In addition to the above robot hands, some scholars have put forward the concept of an underactuated hand, that is, the number of actuators of the mechanism is less than the number of joint degrees of freedom it drives. The currently available grasping modes for underactuated manual operation include straight parallel pinch mode, coupled gripping mode, and self-adaptive grasping mode [17]. In a broad sense, all robot hands with fewer actuators than the number of joint degrees of freedom should be included in the category of underactuated robot hands, for example, the direct-driven, optimized, and light-mass hand exoskeleton [18,19] and the remote control dexterous hand designed by Malta University [20]. This kind of three-joint finger can use the rope drive mechanism to realize the use of a few motors to drive the multi-degrees-of-freedom fingers to grasp the action; Laval University of Canada earlier proposed an efficient linkage underactuated finger, the SARAH hand [21]. The finger of the hand has three phalanx and three joint degrees of freedom, which can achieve flexible and diverse mechanical grasp functions under the drive of a small number of drivers. The linkage mechanism used by this finger can provide great grasp force. Korean scholars have developed a straight parallel and self-adaptive hand with an arc-shaped sliding rod [22]. Meanwhile, some scholars have analyzed the grasping mode itself [23].
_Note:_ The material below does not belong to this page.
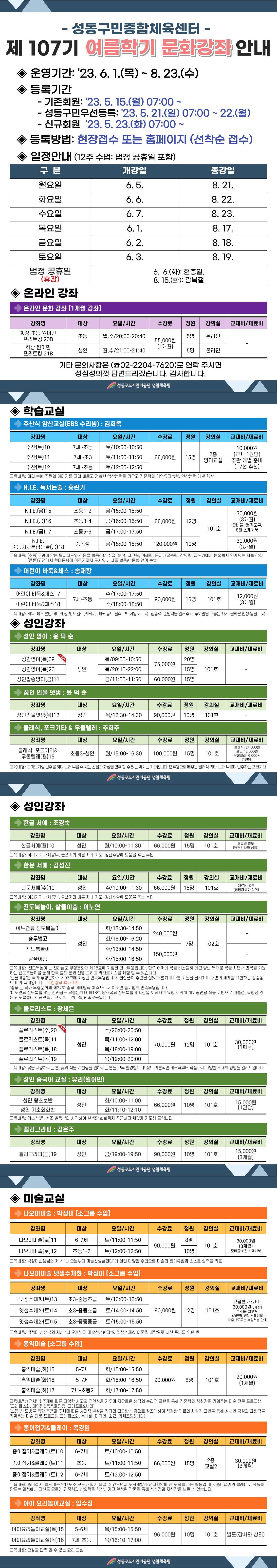 성동구민종합체육센터 [성동구민종합체육센터] 107기 여름학기 문화강좌 안내 작성자 관리자 등록일자 2023년 5월 3일 9시 24분 51초 조회 1,817 107기여름학기문화강좌.jpg [ Size : 1.71MB , Down : 2,067 ] 미리보기 다운로드 목록보기
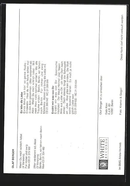 AK Musiker Olaf Berger in rotem Jackett mit original Autograph

Based on the advantages and disadvantages of the above devices, the members of Kawasaki Heavy Industries of Japan designed a multi-linkage straight parallel pinch underactuated finger using the Chebyshev linkage mechanism [24]. However, due to the lack of traditional straight translation constraints, such as straight guides, the mechanism is relatively complex, and the finger has no adaptive envelope grasp function. Some scholars have proposed a straight parallel pinch and self-adaptive robot finger with Hoecken linkages and elastic joints [25], but the self-adaptive grasp range of this mechanism is limited, and the device contains the problem of driving force caused by pressure angle changes.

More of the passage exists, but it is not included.